● Exercise objective
Copy out the data that comes next, character for character, and leave the images aside.

════════════════

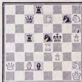
1201 — P. DI SCALA (Vannes)

Envoyez vos solutions avant le 20 avril 1984
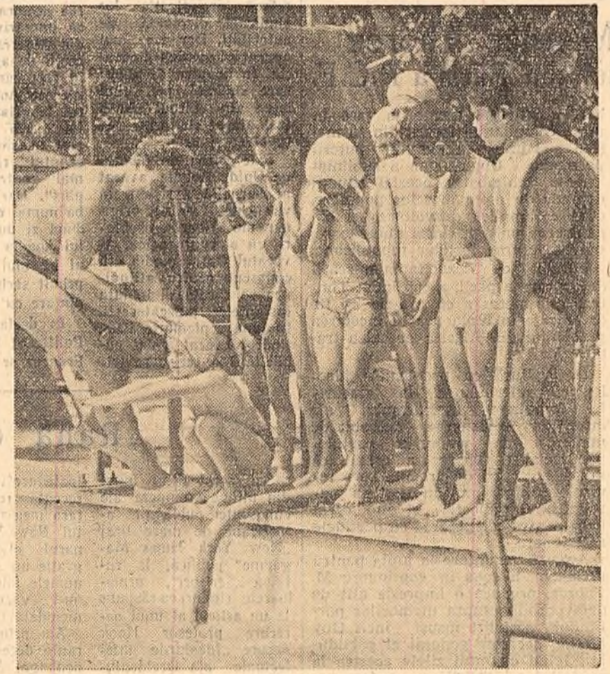
De cîteva zile s-au redeschis centrele de înot pentru copii. Unul din aceste centre funcționează în strandul Tineretului. Fotografia arată o grupă de copii în timpul primelor lecții de înot. (Foto M. Cioc)

ionul Domnești sprijină amenajarea din timp a arilor și asigurarea materialelor necesare pentru aceasta. În prezent, în întreaga regiune București au loc adunări în care deputații prezintă în fața alegătorilor dări de seamă asupra activității lor. La aceste adunări se dezbate și multe probleme gospodărești. Pină acum, la adunările care au avut loc au participat peste 140.000 cetățeni.
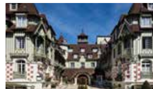
Le Normandy ****
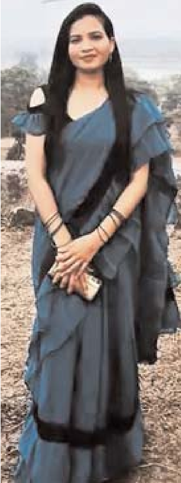
न्यूज क्राइम फाइल

शव घर से 5 किलोमीटर दूर जबलपुर के बांध में फेंका; लापता बताकर नौकरी करता रहा
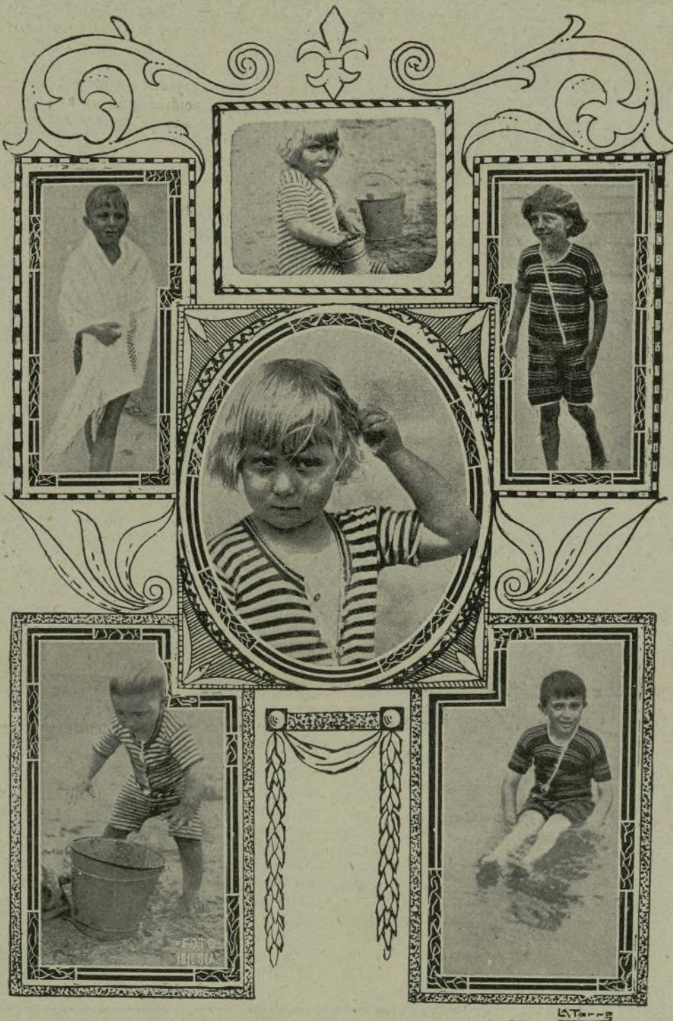
Ultimas fotografías de los augustos hijos de los Reyes de España, hechas en la playa de San Sebastián.

«El Ejército francés, que operaba en la misma región, acudió en su ayuda, figu-
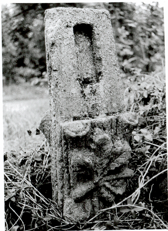
NAGROBEK NN sztuczny kamień z motywem liści dębu / 1 /
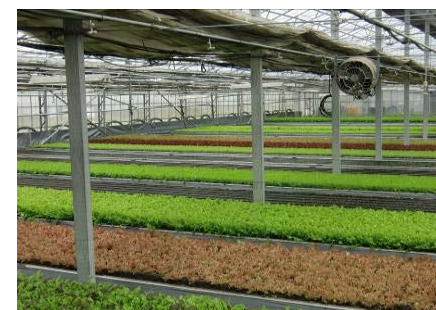
視察を実施した植物工場内の様子 (24/5)

さらに、平成24年10月には、前年に引き続き「植物工場」をテーマに「アグリビジネスフォーラム2012」を開催し、農業分野進出を検討するお客様の支援に積極的に取り組んでいます。
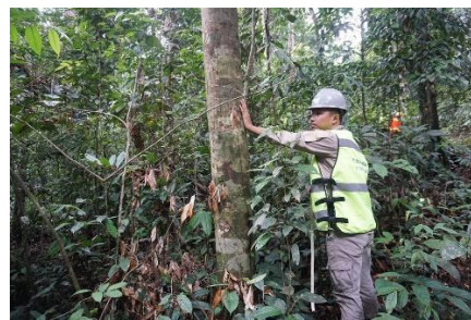
(f). Memecylon sumatrense (Kamasulan)
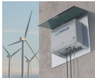
Controller wind turbines
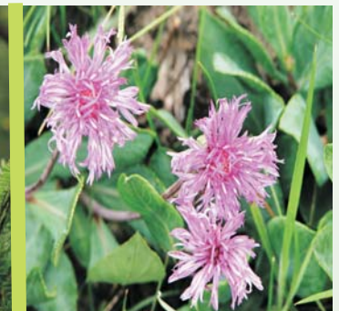
Vernonia especie nueva
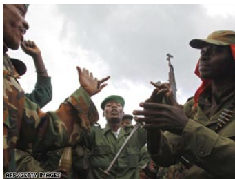
Les insurgés du CNDP

Actuellement, la signature de cet engagement est mise en cause avec violations intenses et massives par les signataires. Chaque partie ne cesse d'accuser l'autre de violer cet accord rejetant en bloc toutes les allégations des autres.

════════════════

● Result for this exercise
1201 — P. DI SCALA (Vannes)

Envoyez vos solutions avant le 20 avril 1984
De cîteva zile s-au redeschis centrele de înot pentru copii. Unul din aceste centre funcționează în strandul Tineretului. Fotografia arată o grupă de copii în timpul primelor lecții de înot. (Foto M. Cioc)

ionul Domnești sprijină amenajarea din timp a arilor și asigurarea materialelor necesare pentru aceasta. În prezent, în întreaga regiune București au loc adunări în care deputații prezintă în fața alegătorilor dări de seamă asupra activității lor. La aceste adunări se dezbate și multe probleme gospodărești. Pină acum, la adunările care au avut loc au participat peste 140.000 cetățeni.
Le Normandy ****
न्यूज क्राइम फाइल

शव घर से 5 किलोमीटर दूर जबलपुर के बांध में फेंका; लापता बताकर नौकरी करता रहा
Ultimas fotografías de los augustos hijos de los Reyes de España, hechas en la playa de San Sebastián.

«El Ejército francés, que operaba en la misma región, acudió en su ayuda, figu-
NAGROBEK NN sztuczny kamień z motywem liści dębu / 1 /
視察を実施した植物工場内の様子 (24/5)

さらに、平成24年10月には、前年に引き続き「植物工場」をテーマに「アグリビジネスフォーラム2012」を開催し、農業分野進出を検討するお客様の支援に積極的に取り組んでいます。
(f). Memecylon sumatrense (Kamasulan)
Controller wind turbines
Vernonia especie nueva
Les insurgés du CNDP

Actuellement, la signature de cet engagement est mise en cause avec violations intenses et massives par les signataires. Chaque partie ne cesse d'accuser l'autre de violer cet accord rejetant en bloc toutes les allégations des autres.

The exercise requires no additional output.